FEATURES: DECEMBER 2007

Henley and her best and oldest friend, Gay Larsen

Image courtesy of Martha Lou Henley

The Quiet Philanthropist — Page 3


Perhaps the clearest example of Henley’s distaste for any kind of special attention lies in her adoption of an unfreighted name. Her marriage to Gary Henley in 1971 allowed for the legal dropping of Southam. The union only lasted a few months, and was by all accounts a mistake. At the wedding itself, Larsen cried. “Don’t worry,” said Gary, “I’ll take care of Louie.” And Larsen thought, “Oh no, he has no idea who he’s marrying. He has no idea how strong and capable she is.” For no one takes care of Louie. Despite her abhorrence of public attention, she is never to be underestimated or coddled. There’s a post-polio support group, her doctor informed her, where she might talk about the struggle of fatigue, stigma, being different. She looked at the doctor squarely. “Big deal.”

So why remain a Henley if the marriage meant nothing? Why, if the marriage was brief and mistaken, keep the unknown name? “Oh,” she says, clearly wondering whether one is obliged to talk about this, “I thought that’s what everyone did.” The taking on of the Henley surname, suggests Larsen, “allowed her to be known in her own right. To be herself and do things her way.” Single ever since the divorce, Henley has called her relationship with music “the perfect marriage”—she takes friends to concerts and gets her house to herself when the evening’s done.

The Kerrisdale home Henley lives in today speaks to her commonsense and understatement—it’s encased on all sides by wall and shrub, with a short iron gate at the entrance. Like her friend Gay, she keeps a fleet of birdfeeders out back.

On a first visit to her house, for lunch, I was treated to open-faced grilled cheese sandwiches (burned bacon and hot tomatoes on top). Among friends, Henley is known for her frugality as much as her philanthropy. She is removed, now, from outward signs of wealth (she drives a modest Honda). There are lavish gifts, of course, doled out to Henley’s fold of artist friends. Her foundation (the delivery method for her philanthropy since 1988) can only give cash to charities with a tax number, so more personal gifts are delivered off the radar: Michael Cavanagh was able to take time off in 1997 to complete the libretto for The Master’s Stroke; Heidi Krutzen was spirited away to New York in time for a 1999 harp competition; Leslie Dala was sent to Prague in the summer of 2000; and last year the pianist Benjamin Hochman gained a new piano. But no one is sure they know everything Henley is up to. She withholds the details of her life’s work stubbornly.

 

After Henley, what kind of arts philanthropy will the city enjoy? Vancouver is doubly damned: too far north to benefit from the American tradition of philanthropy, and too far west to receive the attentions of old money.

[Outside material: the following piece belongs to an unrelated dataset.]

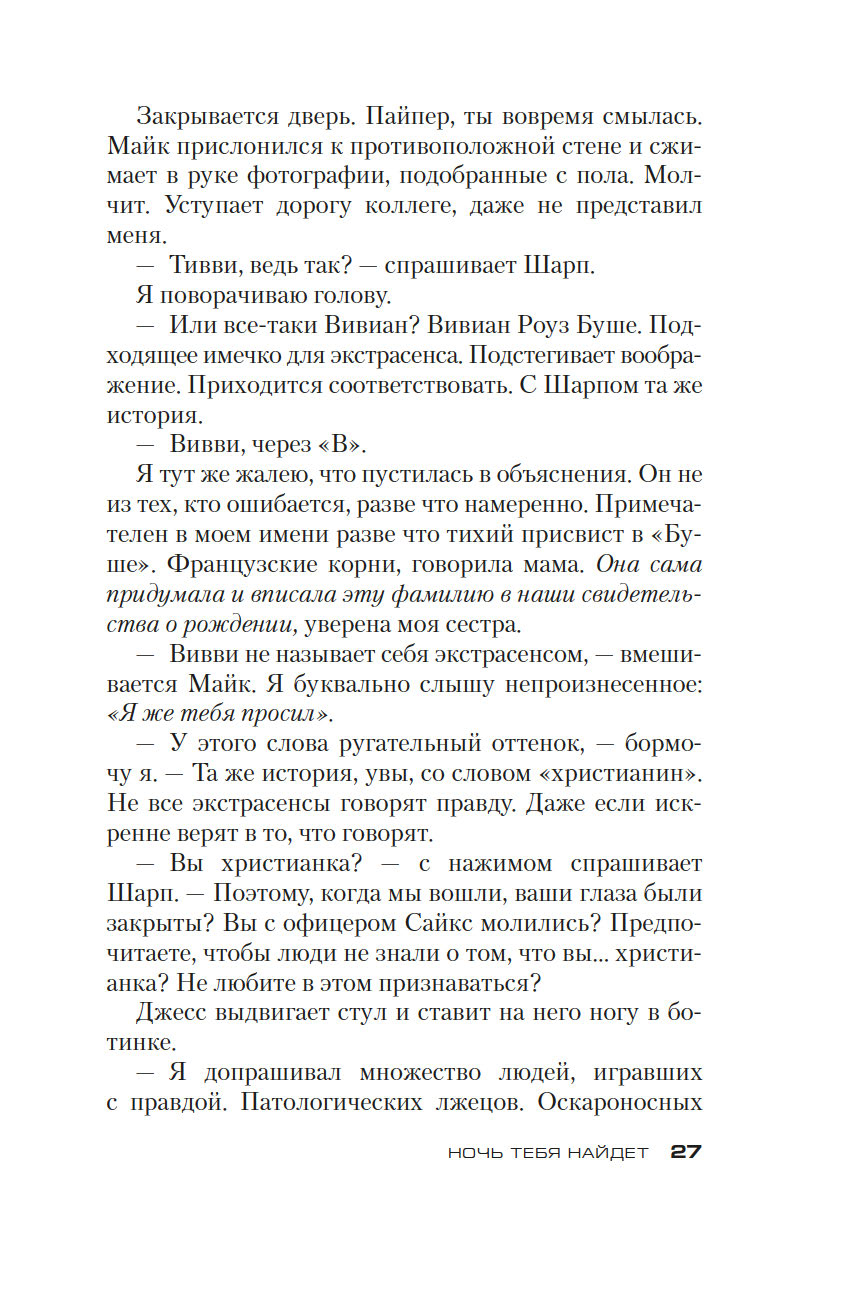 Когда ей было десять лет, Вивиан Роуз Буше сделала невозможное предсказание – и спасла чужую жизнь. Спасенный мальчик – Майк – вырос и стал полицейским, а Вивиан – астрофизиком, возможно обнаружившим свидетельство того, что мы не одни во Вселенной. Но Майк верит и в паранормальные таланты Вивиан – и просит ее помочь в поисках маленькой девочки, десять лет назад бесследно пропавшей из викторианского особняка. Неразгаданная загадка будоражит и родных девочки, и самых безбашенных конспирологов…

She appears to live an incredibly simple life—lunches, baking, chats with her old Glaswegian nanny on the phone—a life punctuated by an occasional (and staggering) act of kindness. She’ll get her hair done at the local budget barber, says one sister in astonishment (just back, herself, from a facial), and then turn around to sign a cheque for $2 million.

Of course, the willful abstaining from luxuriant display is so much more effective anyway—it gives us no determined bank account, just a rolling horizon of unperturbed promise. It also is a sign of someone who doesn’t want to tempt fate. Henley is acquainted with disaster and takes nothing for granted. Gordon MacMillan Southam (Henley’s younger brother) was 25 when he lost control of a convertible sports car and slammed into an iron gateway on Point Grey Road. He died shortly before the clock hit midnight, barely missing the Valentine’s Day of 1976. Only the day before, he had served as a pallbearer at the funeral of the family patriarch, H.R. MacMillan.

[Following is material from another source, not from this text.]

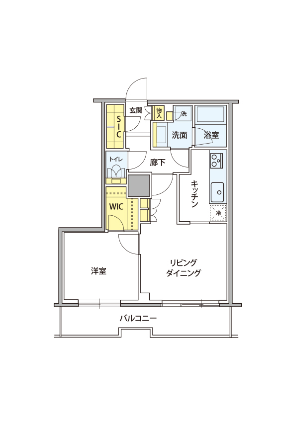 キッチン横の廊下が居室として生きていないため、居室に取り入れます。
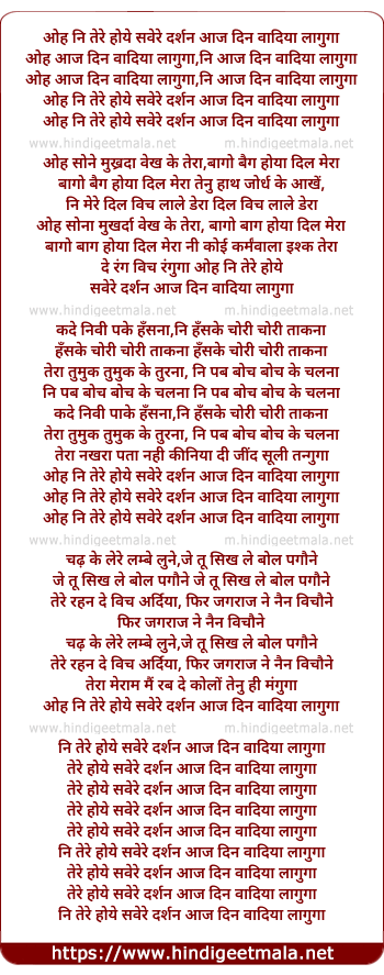 Lyrics of Oh Ni Tere Hoye Savere Darshan Aaj - ओह नि तेरे होये सवेरे दर्शन आज

Another pallbearer at that funeral was Henley’s only other brother, Harvey, who would grow up to launch the B.C. business magazine Equity in 1983 and, having proven himself independently of the family’s influence, eventually became senior vice-president of Southam Business Communications. He was widely considered the only family member who could head the Southam empire. But, at 43, Harvey took his own life one May day in Toronto, leaving behind four children: Milo, Serena, Sydney, and Mercy.